▶ Activity
Leave out the pictures and transcribe every entry below exactly.

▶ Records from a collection
· · · · · · ·

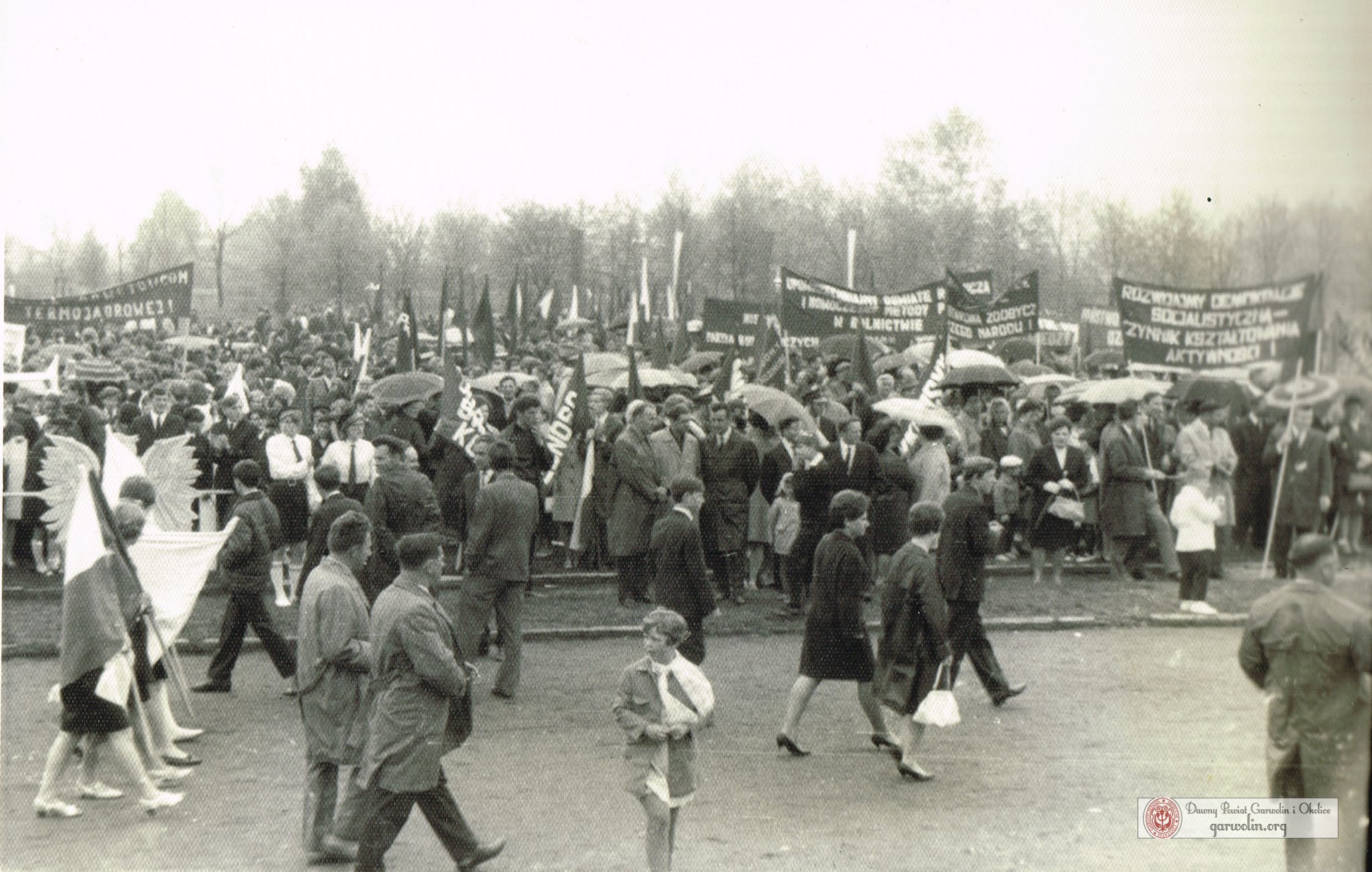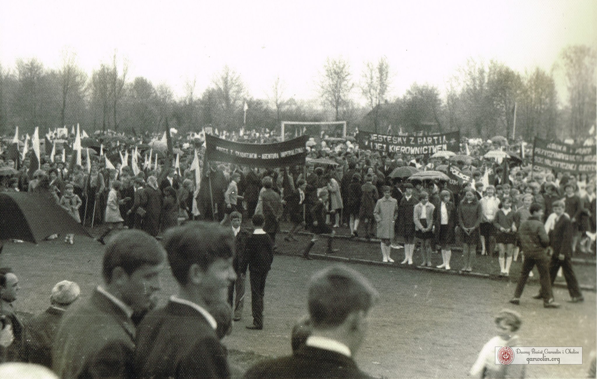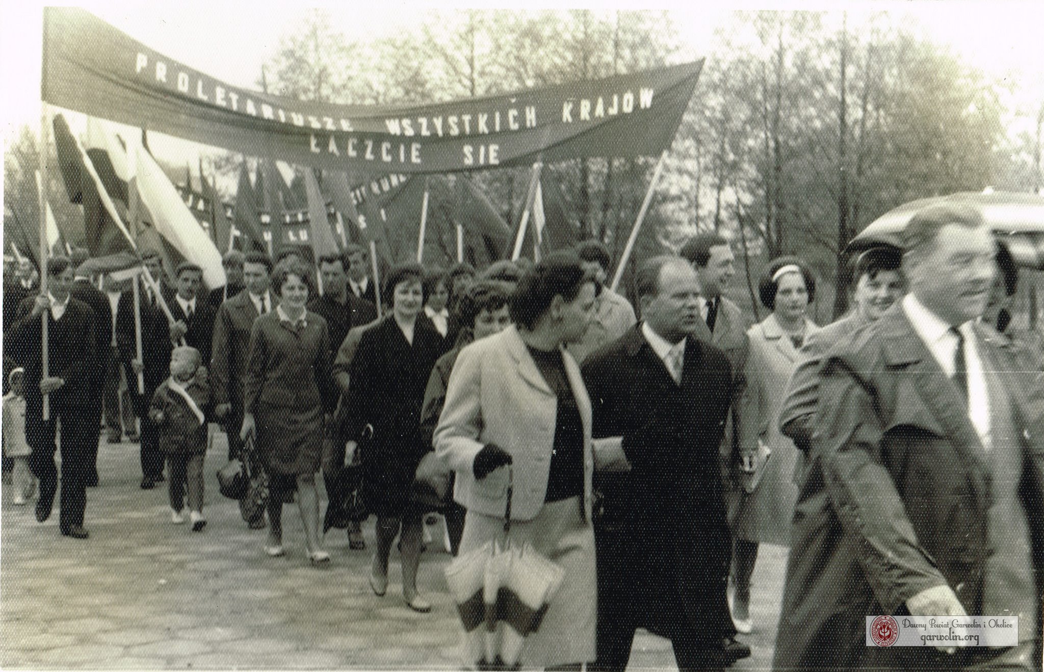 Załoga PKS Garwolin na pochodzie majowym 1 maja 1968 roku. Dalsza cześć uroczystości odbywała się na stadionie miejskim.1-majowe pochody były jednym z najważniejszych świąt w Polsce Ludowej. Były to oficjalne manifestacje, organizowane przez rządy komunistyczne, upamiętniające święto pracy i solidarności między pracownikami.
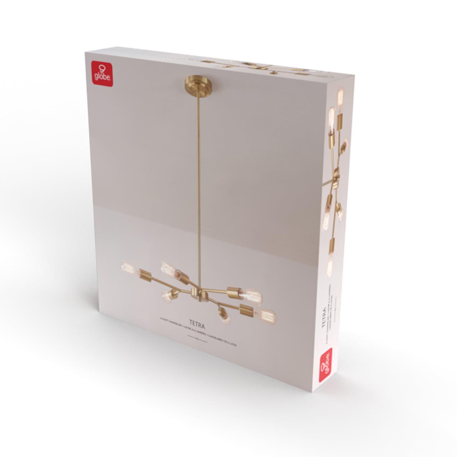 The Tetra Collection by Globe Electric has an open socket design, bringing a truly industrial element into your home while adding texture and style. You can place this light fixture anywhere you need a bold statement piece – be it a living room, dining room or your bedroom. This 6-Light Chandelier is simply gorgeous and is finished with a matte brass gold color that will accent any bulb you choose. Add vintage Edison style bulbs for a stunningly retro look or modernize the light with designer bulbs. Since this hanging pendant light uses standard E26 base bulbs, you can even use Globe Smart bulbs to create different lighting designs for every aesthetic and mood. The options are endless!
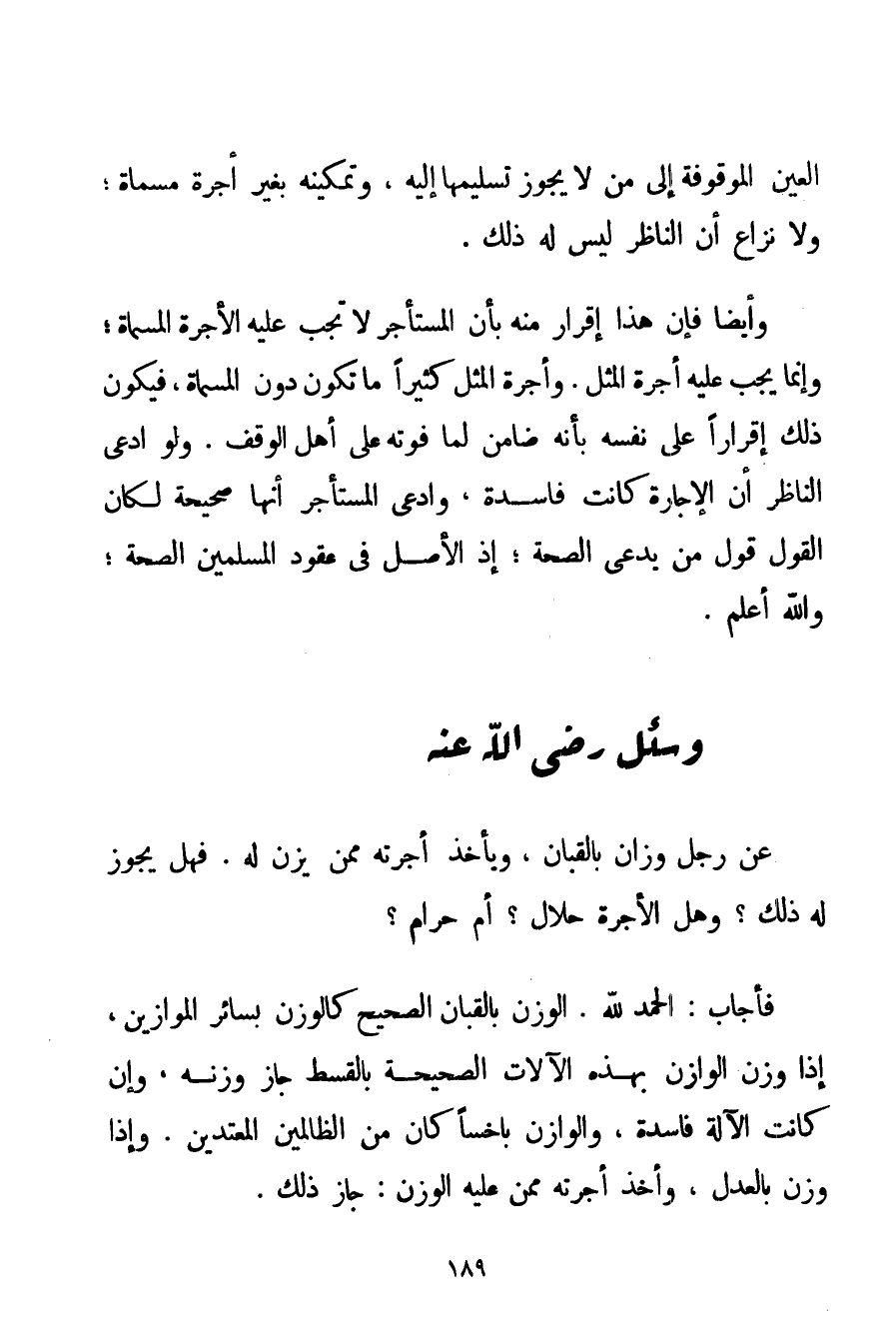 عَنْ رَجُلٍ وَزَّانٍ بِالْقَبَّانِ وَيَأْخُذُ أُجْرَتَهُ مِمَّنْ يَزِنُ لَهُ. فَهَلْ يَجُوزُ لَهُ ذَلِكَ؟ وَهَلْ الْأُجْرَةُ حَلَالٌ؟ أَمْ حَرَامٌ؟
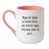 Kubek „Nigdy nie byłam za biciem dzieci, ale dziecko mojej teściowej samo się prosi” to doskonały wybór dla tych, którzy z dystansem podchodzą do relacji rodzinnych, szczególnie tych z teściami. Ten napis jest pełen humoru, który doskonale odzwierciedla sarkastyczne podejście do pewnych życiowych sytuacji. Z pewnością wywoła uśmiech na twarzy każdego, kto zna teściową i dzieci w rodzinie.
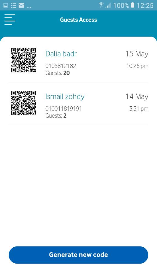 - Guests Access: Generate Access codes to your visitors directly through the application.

· · · · · · ·

▶ Answer section
 Załoga PKS Garwolin na pochodzie majowym 1 maja 1968 roku. Dalsza cześć uroczystości odbywała się na stadionie miejskim.1-majowe pochody były jednym z najważniejszych świąt w Polsce Ludowej. Były to oficjalne manifestacje, organizowane przez rządy komunistyczne, upamiętniające święto pracy i solidarności między pracownikami.
 The Tetra Collection by Globe Electric has an open socket design, bringing a truly industrial element into your home while adding texture and style. You can place this light fixture anywhere you need a bold statement piece – be it a living room, dining room or your bedroom. This 6-Light Chandelier is simply gorgeous and is finished with a matte brass gold color that will accent any bulb you choose. Add vintage Edison style bulbs for a stunningly retro look or modernize the light with designer bulbs. Since this hanging pendant light uses standard E26 base bulbs, you can even use Globe Smart bulbs to create different lighting designs for every aesthetic and mood. The options are endless!
 عَنْ رَجُلٍ وَزَّانٍ بِالْقَبَّانِ وَيَأْخُذُ أُجْرَتَهُ مِمَّنْ يَزِنُ لَهُ. فَهَلْ يَجُوزُ لَهُ ذَلِكَ؟ وَهَلْ الْأُجْرَةُ حَلَالٌ؟ أَمْ حَرَامٌ؟
 Kubek „Nigdy nie byłam za biciem dzieci, ale dziecko mojej teściowej samo się prosi” to doskonały wybór dla tych, którzy z dystansem podchodzą do relacji rodzinnych, szczególnie tych z teściami. Ten napis jest pełen humoru, który doskonale odzwierciedla sarkastyczne podejście do pewnych życiowych sytuacji. Z pewnością wywoła uśmiech na twarzy każdego, kto zna teściową i dzieci w rodzinie.
 - Guests Access: Generate Access codes to your visitors directly through the application.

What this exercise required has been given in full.